PISCATAWAY, N.J., July 17, 2002 — The Institute of Electrical and Electronics Engineers Standards Association (IEEE-SA) Standards Board has approved the new standard, IEEE C57.123, “Guide for Transformer Loss Measurement,” as well as two revised transformer standards that involve underground transformers and insulating oil. The board also approved the start of work on two new standards projects.
IEEE PC57.123 is a guide to the instrumentation, circuitry, calibration and measurement methods used in evaluating no-load and load losses and excitation current in power and distribution transformers. It provides supplemental information for tests in the test code, IEEE C57.12.90-1993.
The two revised standards approved are:
IEEE PC57.12.23, “Standard for Underground Type, Self-Cooled, Single-Phase, Distribution Transformers with Separable Insulated High-Voltage Connectors; High Voltage 25000 V and Below; Low Voltage 600 V and Below; 167 kVA and Smaller,” expands the scope of the existing standard by adding ratings of 25,000 V and below and 600 V and below.
IEEE PC57.106, “Guide for Acceptance and Maintenance of Insulating Oil in Equipment,” recommends analytical test and evaluation procedures for the acceptance and use of the petroleum (mineral) dielectric oils contained in transformers, voltage regulators, switchgear, reactors, circuit breakers and load tap changers.

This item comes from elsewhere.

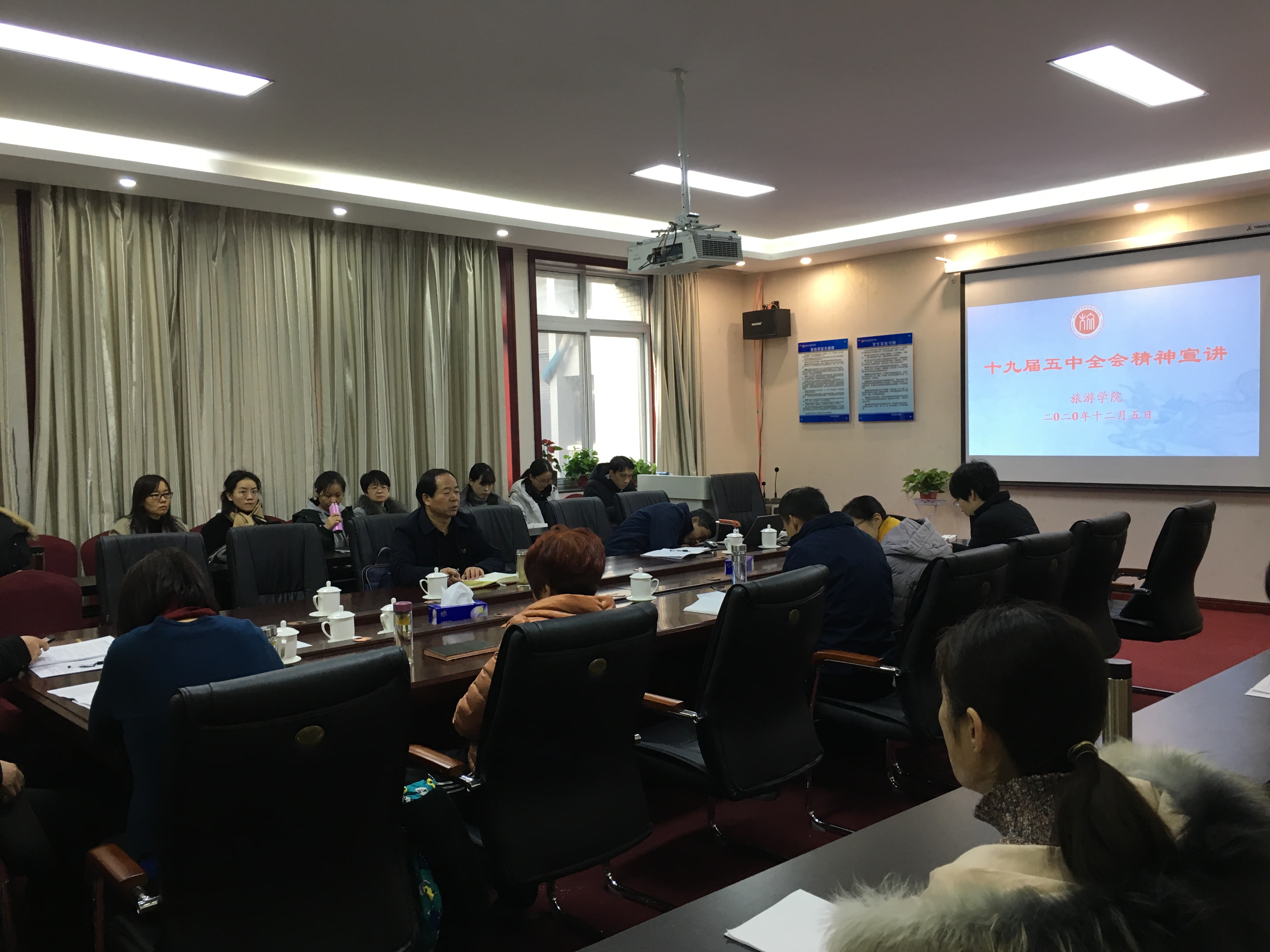为进一步学习贯彻党的十九届五中全会精神,推动教职工政治理论学习走深走实,12月5日,williamhill英国中文在二号教学楼C423会议室举行党的十九届五中全会精神宣讲报告会,院党委书记李喜民作宣讲报告。我院全体教职工参加报告会。

The Board also approved the start of the following two standards
IEEE PC57.12.36, “Standard Requirements for Liquid-Immersed Distribution Substation Transformers,” will be the first standard to provide adequate requirements for 50 and 60 Hz systems rated at 10,000 kVa and below three phase and 6,667 kVa and below single phase with a primary voltage of 69,000 and below and a secondary voltage of 34,500 and below. It will include issues concerned with indoor and outdoor applications, cover and wall terminations and switchgear coordination.
IEEE PC57.93, “Guide for Installation of Liquid-Immersed Power Transformers,” will update an existing standard by adding present practices.
The above standards are sponsored by the Transformer Committee of the IEEE Power Engineering Society.
The IEEE Standards Association (IEEE-SA), a global standards-setting body, develops consensus standards through an open process that brings diverse parts of an industry together. It has a portfolio of more than 870 completed standards and more than 400 in development. IEEE-SA promotes the engineering process by creating, developing, integrating, sharing and applying knowledge about electro- and information technologies and sciences for the benefit of humanity and the profession.